Contemporaneous with these conjectures about Korean unification, the unification of another long-divided country, Germany, was under way. By 1995, five years into the reunification of East and West Germany, the economic burden imposed on the West German economy had already exceeded $750 billion, more than 7 percent of its cumulative GDP during that period. Moreover, these costs have continued to accumulate and by now have reached a figure twice that amount.

In any event, the German experience occasioned consternation in South Korea, which feared that unification with the North would entail a still larger and more debilitating relative cost burden than that borne by West Germany. The not-entirely-irrational basis for this fear was and remains that the population of North Korea is a larger fraction of South Korea’s population, whereas North Korea’s per capita income is a much smaller fraction of that of South Korea, compared to the corresponding German figures. North Korea’s population is about half that of the South (22 million versus 47 million in the South), and its per capita income about 8 percent that of the South (perhaps $760 versus $10,000 in the South). By comparison, East Germany’s population at the time of its unification with the Federal Republic was about one-quarter, and its per capita income about one-third, that of West Germany.
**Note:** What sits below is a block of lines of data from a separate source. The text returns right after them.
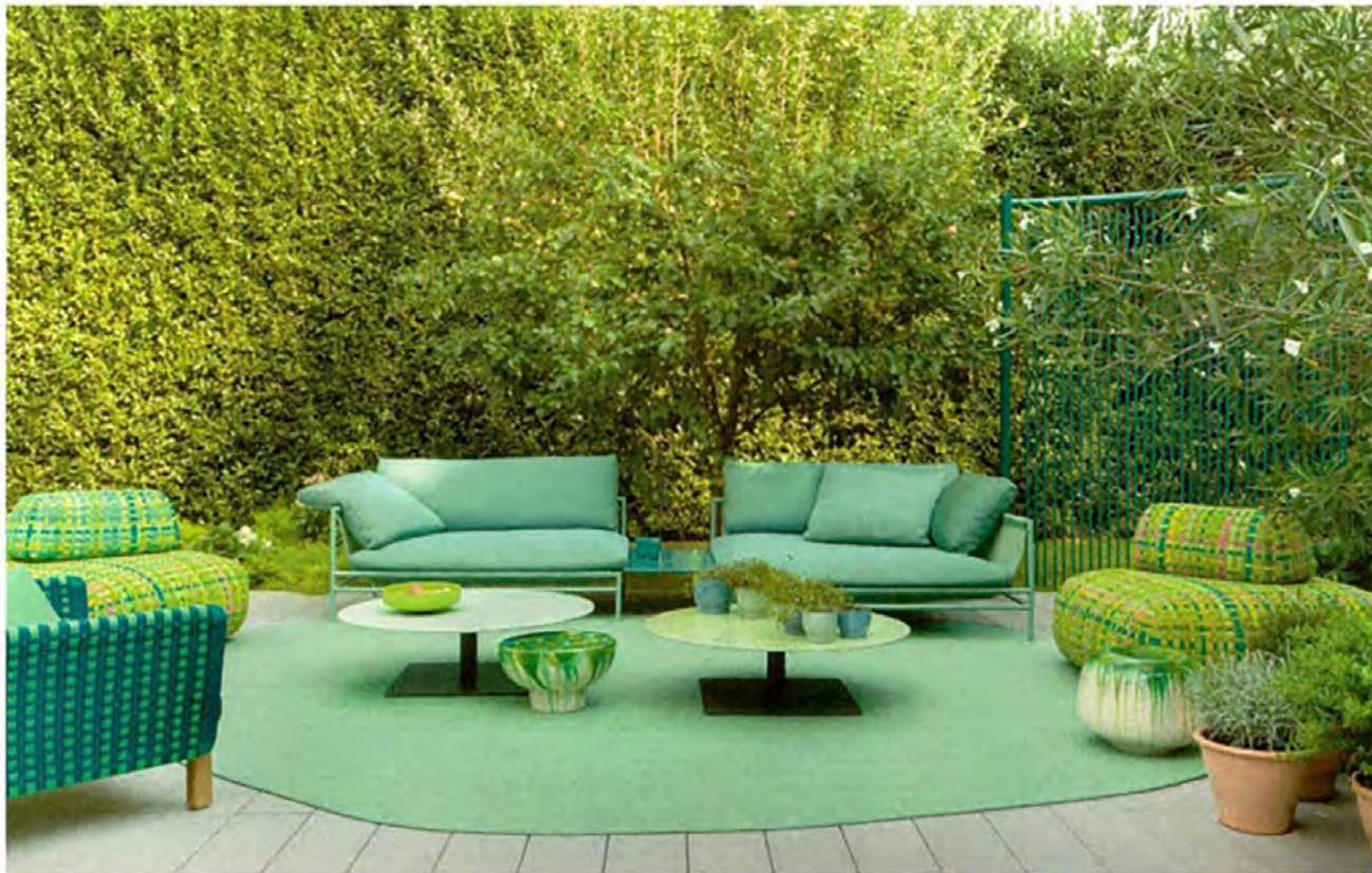
PAOLA LENTI, Giro collection, tops by Nicolo Morales - paolalenti.it
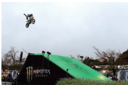
中央エントランスの特設会場を舞台に驚愕のパフォーマンスを披露したMONSTER ENERGY presents FMX (フリースタイルモトクロス) パフォーマンス。
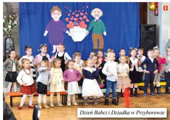
Dzień Babci i Dziadka w Przyborowie
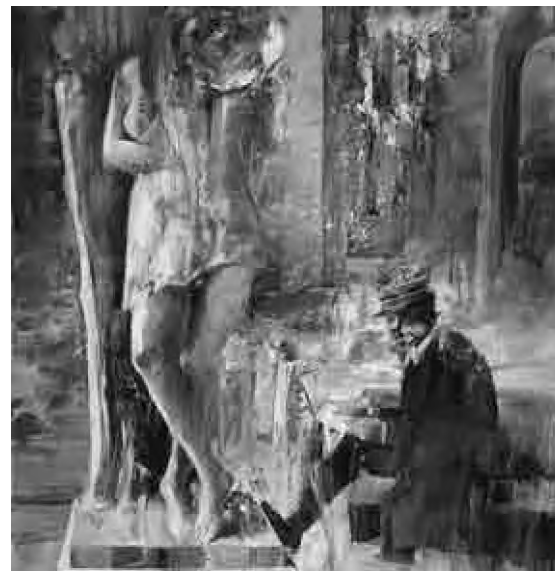
Sorin Dumitrescu Mihăești Liniste (2018), culori acrilice, 100 x 80 cm

Nu vă așteptați la o încheiere cu soluții. Nu există. (Îmi pun și eu o întrebare retorică, exact în spiritul acestor nietzscheeni de rit nou: și dacă Antropocenul este ultima epocă din istoria planetei Terra? (nu spun a omenirii). Cu alte cuvinte, dacă Antropocen nu e, nimic nu e!
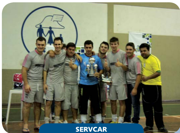
SERVCAR 2º lugar
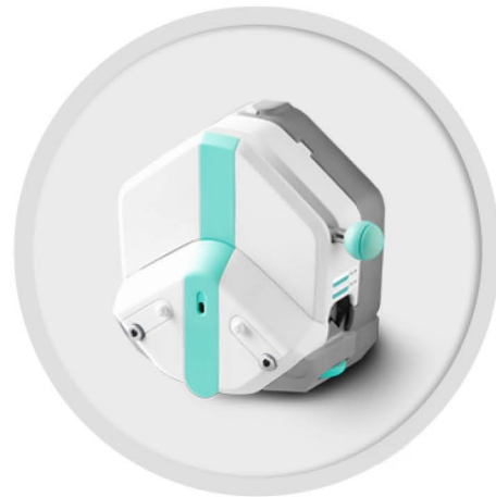
EasyPump 系列 (不可调压)
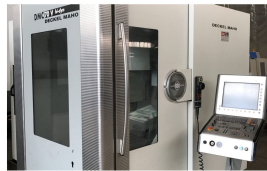
Ürün Cnc İşleme Merkezi
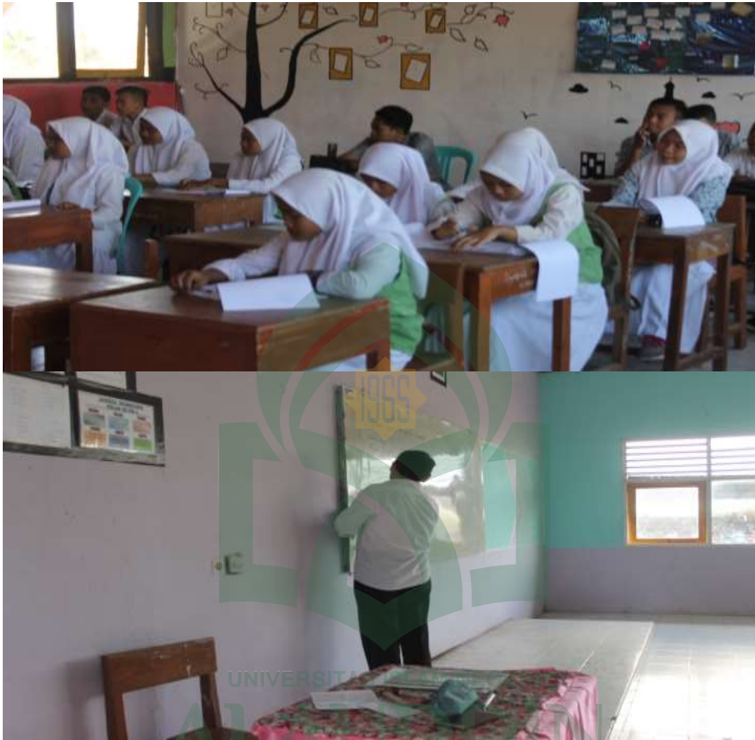
Dokumentasi Proses KBM Peserta Didik SMAN 1 Sape Kabupaten Bima
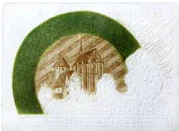
Mönchengladbach Münster 1993 r.
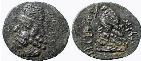
تصویر ۷ (سرفراز و آورزمانی، ۱۳۹۵: ۸۱؛ امینی، ۱۳۸۹: ۱۱۶)

در سکه دیگری از منوچهر شاهی دیگر (تصویر شماره ۶) علی رغم آنکه خط سکه بسیار مخدوش و خوانش آن دشوار است اما هنوز ریخت آرامی نویسه‌هایی چون L در واژه 'MLK' در این مضروب‌ات دیده می‌شود. نکته آن که نویسه L در پارسیگ هم ریخت آرامی خود را حفظ نموده و در واژگان هزوارش و غیرهزوارش پهلوی صورت L نوشته و ۲ خوانده می‌شود. چنانکه می‌دانیم در ایرانی باستان L جز در لغات دخیل وجود نداشته است (ابوالقاسمی، ۱۳۷۸: ۷) و گروه rd از فارسی باستان در فارسی میانه زرتشتی به L تبدیل شده است (ابوالقاسمی، ۱۳۷۸: ۱۸). پس مشاهده می‌شود در سیر خط پارسیگ هم، نویسه L تقریباً ریخت کهن خود که ماخوذ از آرامی است را حفظ نموده است (ابوالقاسمی، ۱۳۷۳: ۱۵۸). ۳- دسته سوم مسکوکاتی از حکام پارسی که خط به کار رفته در آنها دیگر عملاً تغییر یافته و در شکلی نو تثبیت گشته است. متن سکه حاکم پارسی که جملگی نویسه‌ها به پارسیگ است به شرح زیر می‌باشد:
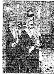
الأمير سعود بن عبدالعزيز
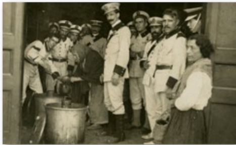
La Creu Roja repartint menjar, 17 agost 1917.
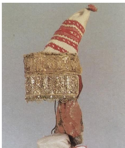
Рисунок 7. Головной убор девушки. Вторая половина 19 в.

Знаковым методом отделки праздничной одежды являлось золотая вышивка. «Золотошвейки пользовались пряженными или волчкеными нитям, битью – тонкой узкой полоской металла, канителью – скученной спиралью тонкой проволокой, плетёнными шнурками. Металлическая нить накладывалась на ткань и в разнообразных комбинациях-ритмах прикреплялась мелкими стежками шелковой или льняной нитью» [1]. Золотом шили на разных видах материала бархат, коже, шелку, кисее (рис. 7).
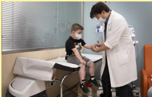
En el ensayo participarán 120 pacientes, de entre 4 y 7 años, de más de diez países

La teràpia busca suplir la manca de distrofina, proteïna essencial per al desenvolupament muscular i, frenar l'evolució d'aquesta malaltia degenerativa.
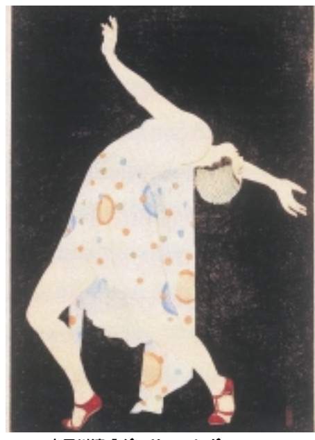
小早川清「ダンサー(レビュー)」 1932年(昭和7年)千葉市美術館蔵
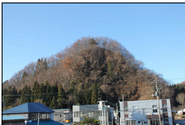
角中西側：落葉した小倉山（先週撮影）
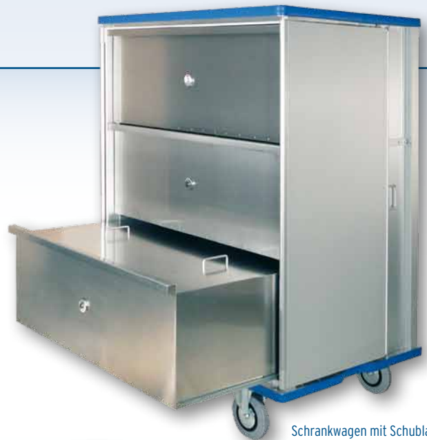
Schrankwagen mit Schubladen auf Teleskop-Auszügen
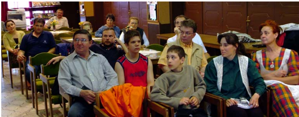
Egyesületi tagjaink és az érdeklődők a kiállítás megnyitóját követő előadáson

Czárán Gyula , „a Bihar szerelmese” a századelőn szinte ismeretlen Bihar-hegységet turisták számára járhatóvá tette. A nehezen megközelíthető, vagy megközelíthetetlen helyeken turistautakat építtetett ki, létrákat, hidakat ácsolatott, hogy a túrázni vágyóknak a hegység leg-szebb pontjait bemutathassa. Vendégeinek maga szervezte a túrákat. A Bihar-hegység az ő feltáró munkája nyomán vált ismertté.
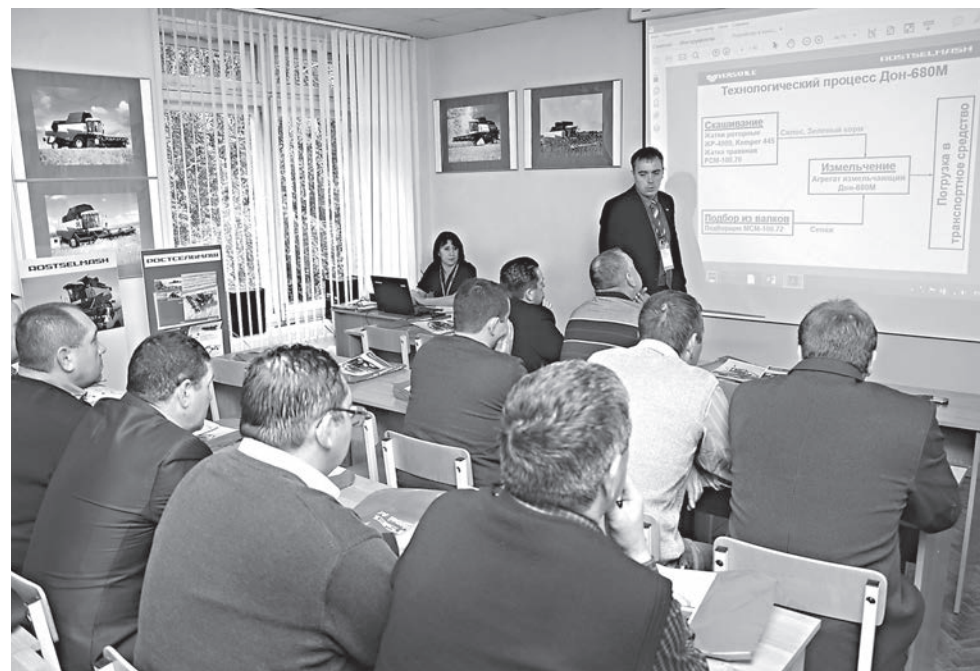
Специализированные классы крупнейших производителей сельскохозяйственной техники «РОСТСЕЛЬМАШ» и «ГОМСЕЛЬМАШ» позволяют УГСХА поднять на более высокий уровень качество подготовки специалистов в сфере АПК, а также проводить на своей площадке курсы переподготовки и повышения квалификации механизаторов и комбайнеров агропредприятий.

The flaw in reasoning from the German experience to the possible unification experience in Korea is that unification costs need not be driven, as they were in the German case, by a goal of equalizing per capita income between the unifying parts. There are many instances of unified countries that function with tolerable effectiveness despite large regional disparities in per capita income, not to mention sometimes deep political, social, and cultural rifts as well. Examples include Indonesia’s Christian Ambon and Muslim Java, Italy’s prosperous Piedmont region and its relatively impoverished Mezzogiorno, the eastern and western parts of Ukraine, let alone, say, California and Mississippi in the United States.

Consequently, in considering the costs of possible Korean unification it is both more appropriate and more realistic to stipulate a rapid doubling of per capita income in the North as the target for unification, rather than what would be a less relevant goal of equalizing per capita income between North and South. Adopting a goal of doubling North Korean income, a recent RAND Corporation study places the capital costs of reunification of the Korean peninsula at between $50 billion and $670 billion. Although these estimates are large and although they span a wide range, they are considerably lower—between one-third and one-fifth—than most prior estimates.

How and exactly when unification may occur—whether by system evolution or collapse, by internal dissidence, by fragmentation, or by conflict—is no less conjectural now than it was a decade earlier. At that time, such conjectures were rife, and we were surprised that none of the envisaged possibilities ensued. Now, when such conjectures are absent, and attention instead is preempted by North Korea’s threatened or actual acquisition of nuclear weapons, we may be surprised again—but this time in a reverse direction.